The second mistake was a lack of focus. So many people get to the gym, pull out there phones, and start putting their feet into repetitive motion. Maybe they’ll knock out a set and then watch the TV for five minutes, or chat with the guy on the next bench for a while. The gym is not a social hangout. You go there to sweat, to push yourself, not to relax. If you’re not pushing hard, you’re doing something wrong, and you’re wasting your time.
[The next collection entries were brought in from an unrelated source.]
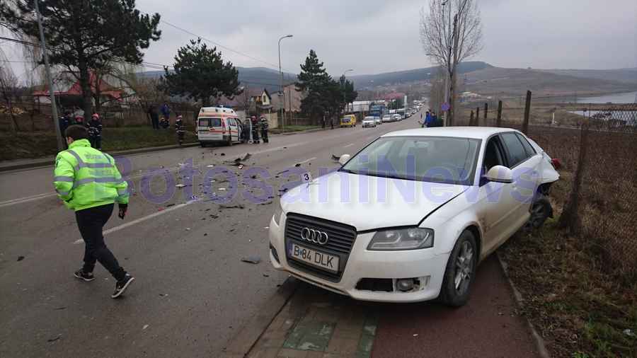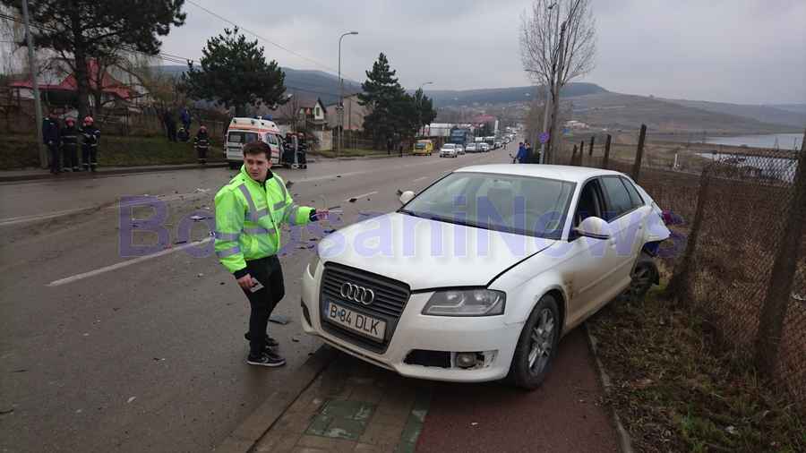 Un grav accident de circulație a avut loc, miercuri, la Lebăda. O ambulanță și un autoturism Audi s-au ciocnit violent.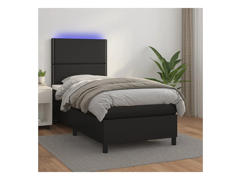 Sommier à lattes de lit avec matelas et LED Noir 100x200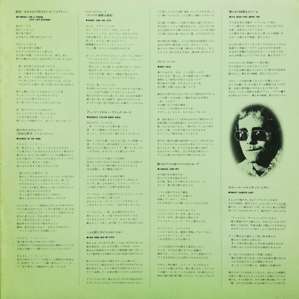 Comes in a tri-fold cover with brown/yellow obi strip.Includes 8-page green lyric/liner note insert & large folded "Rock Now" poster of Elton.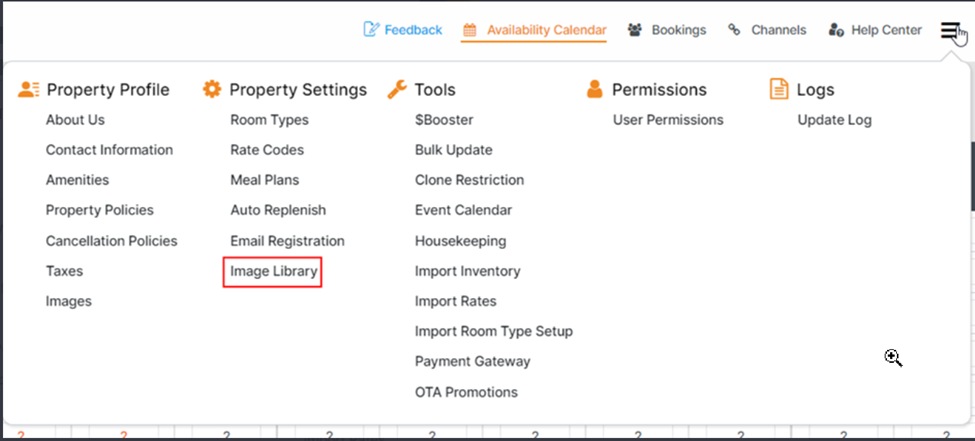 •Login ke STAAH MAX > Property Settings and pilih Image Library.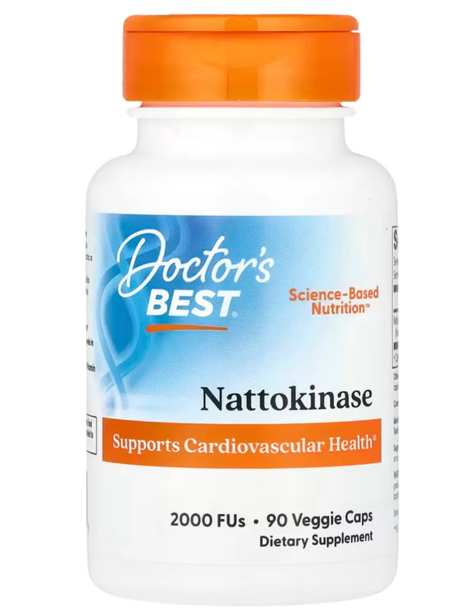 Doctor's Best Nattokinase — это ферментный комплекс для поддержки здоровья сердечно-сосудистой системы и нормального кровообращения. Каждая порция (1 капсула) содержит 2000 FU (фибринолитических единиц) наттокиназы, полученной из ферментированного соевого натто с использованием бактерий Bacillus subtilis, с удалённой витамином K2. Продукт помогает поддерживать нормальный уровень фибриногена в крови и способствует здоровому кровотоку. Не содержит ГМО, глютен, искусственные красители или консерванты, подходит для вегетарианцев и сертифицирован по стандартам GMP.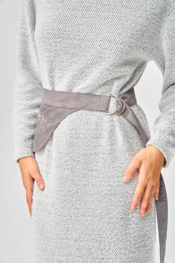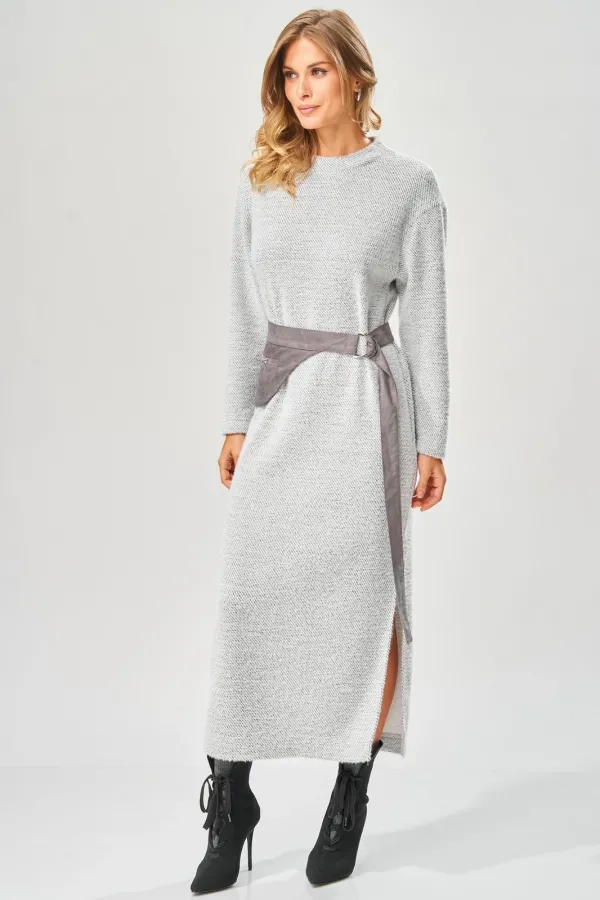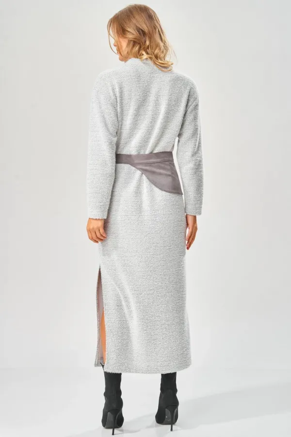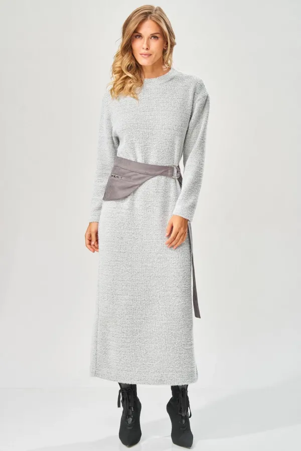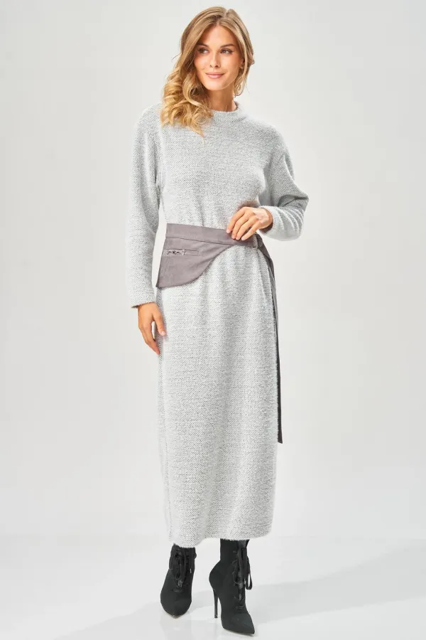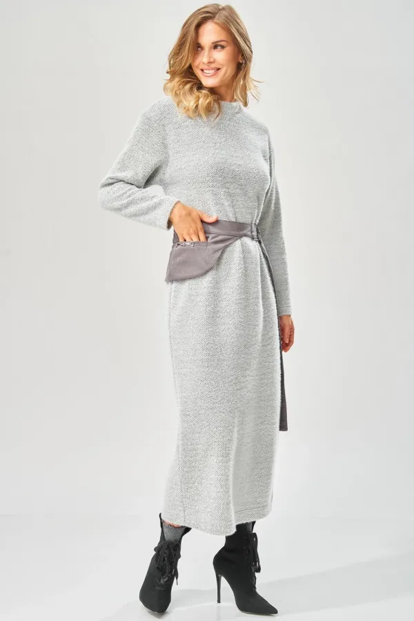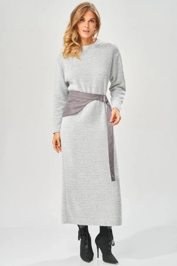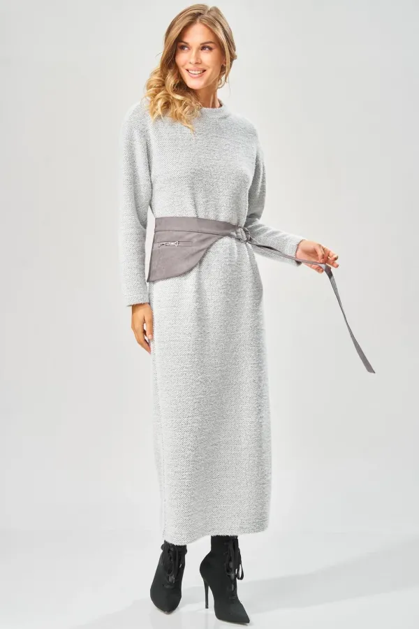 Уютное стильное повседневное платье длиной в пол с оригинальным поясом для осенне-зимнего сезона.

The third and final mistake for today was a lack of form. Like everyone else, I from time to time start concentrating on the amount of weight I’m doing, the number of reps, that sort of thing. I want to see those numbers grow, and I throw myself into it. But sometimes, that focus on moving up means a lack of focus on form. If the motion isn’t perfect, you might as well not do the lift. Poor form not only increases chance of injury – meaning you’ll be out for a long time and greatly slow down your overall progress – but it also means that you’re working muscles other than those you’re targeting. Remember, if you’re trying to squeeze out that last rep on the biceps so they totally collapse and come back bigger and stronger, it doesn’t help if you actually shift some of that load to the delts! I’ve adopted a mantra – when my form fails even slightly on a rep, and I can’t correct it on the next one, I’m done. Move on to the next set. I try not to even let it get to that point.

Anyways, that’s two months of (re-)learning boiled down right there for you. Hope it helps someone out there!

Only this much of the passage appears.